(What is required) Each line of the data must be written out again verbatim; no image belongs in the copy.

(Source data)
++++++++++++++++++++

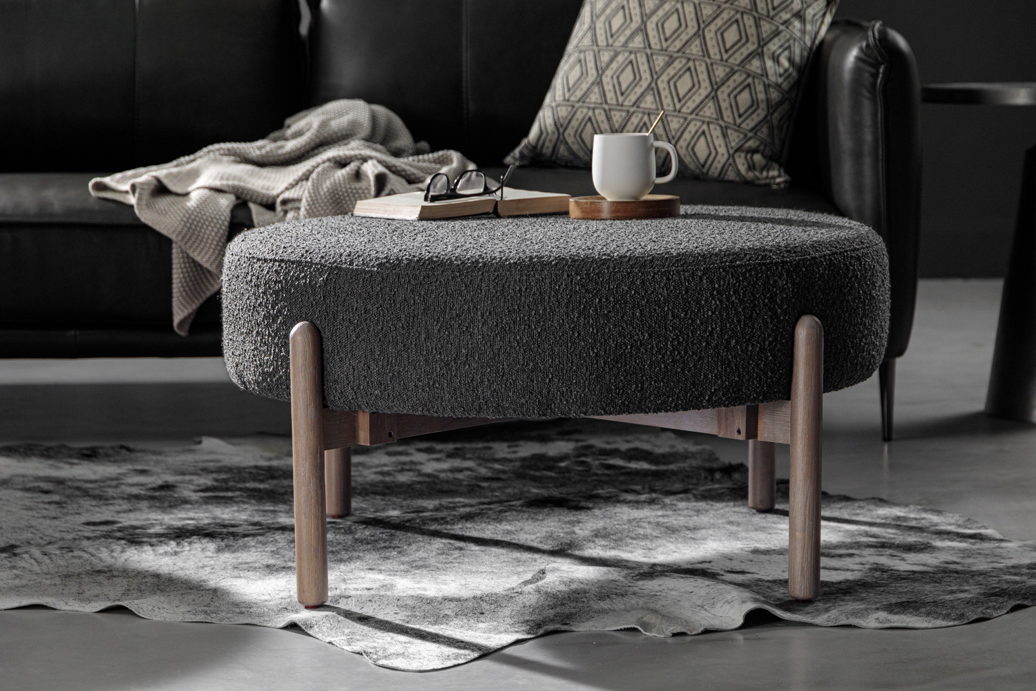Elevate the class and comfort of your home with the Prague Round Ottoman. This distinctive upholstery piece is an impressive accent to any setting. The ottoman sits atop solid rubberwood legs for overall durability and quality.
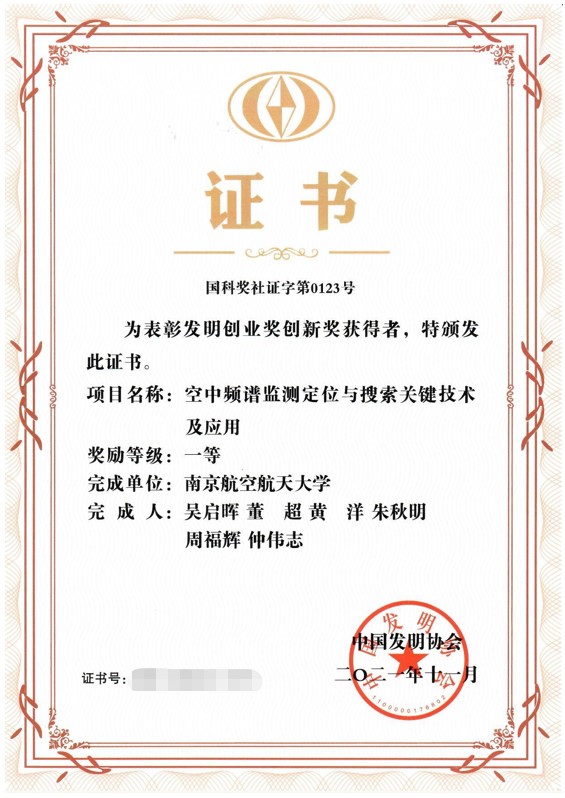 2021年11月,我校副校长吴启晖教授牵头、董超教授、黄洋副教授、朱秋明教授、周福辉教授与仲伟志副教授参与的项目“空中频谱监测定位与搜索关键技术及应用” 在中国发明协会2021年度“发明创业奖—创新奖”评选中获发明创业奖创新奖一等奖。
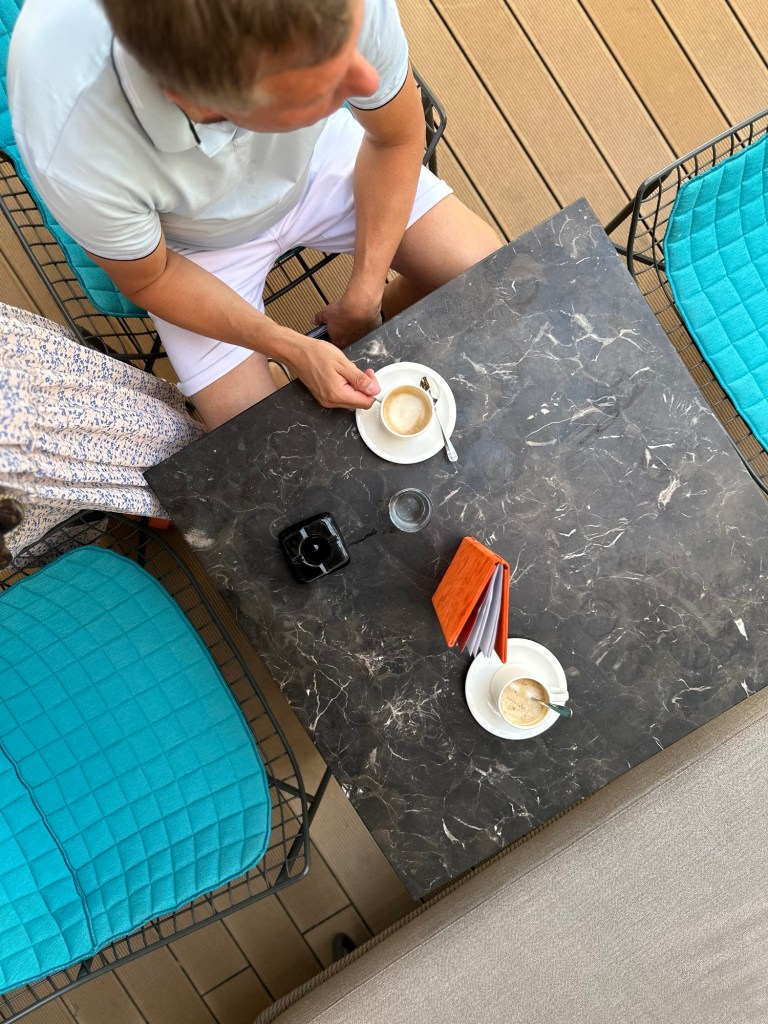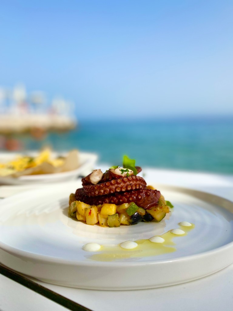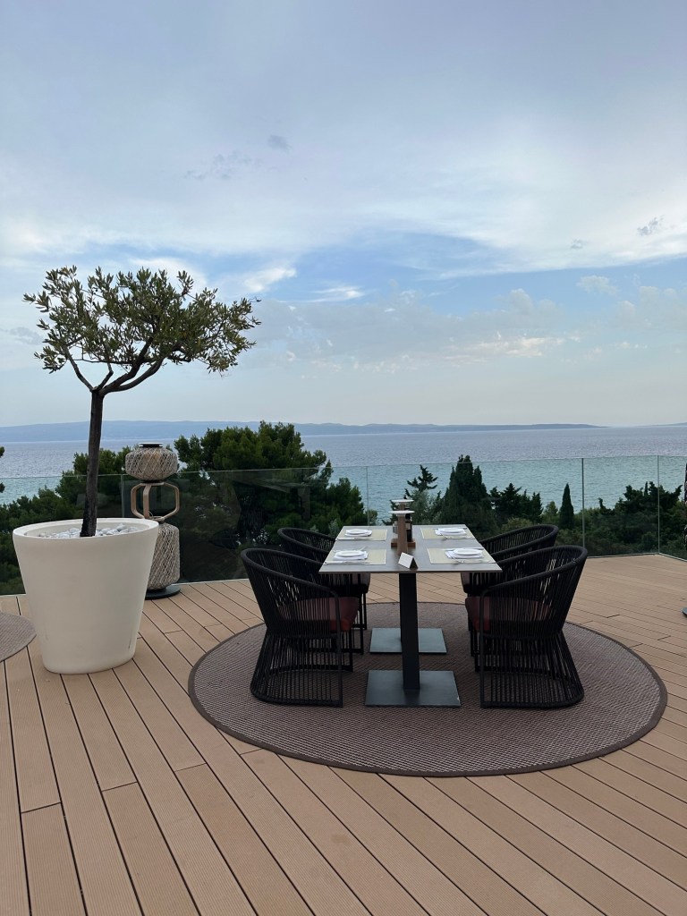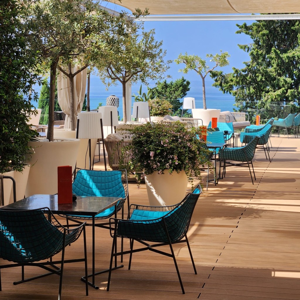 På den stora takterrassen kan man njuta av en magisk vy över havet. Det finns möjlighet att sitta både inne och ute, i skuggan och i solen. Det är även här man avnjuter sin frukost, lunch eller middag.

++++++++++++++++++++

(Result for this task)
Elevate the class and comfort of your home with the Prague Round Ottoman. This distinctive upholstery piece is an impressive accent to any setting. The ottoman sits atop solid rubberwood legs for overall durability and quality.
 2021年11月,我校副校长吴启晖教授牵头、董超教授、黄洋副教授、朱秋明教授、周福辉教授与仲伟志副教授参与的项目“空中频谱监测定位与搜索关键技术及应用” 在中国发明协会2021年度“发明创业奖—创新奖”评选中获发明创业奖创新奖一等奖。
 På den stora takterrassen kan man njuta av en magisk vy över havet. Det finns möjlighet att sitta både inne och ute, i skuggan och i solen. Det är även här man avnjuter sin frukost, lunch eller middag.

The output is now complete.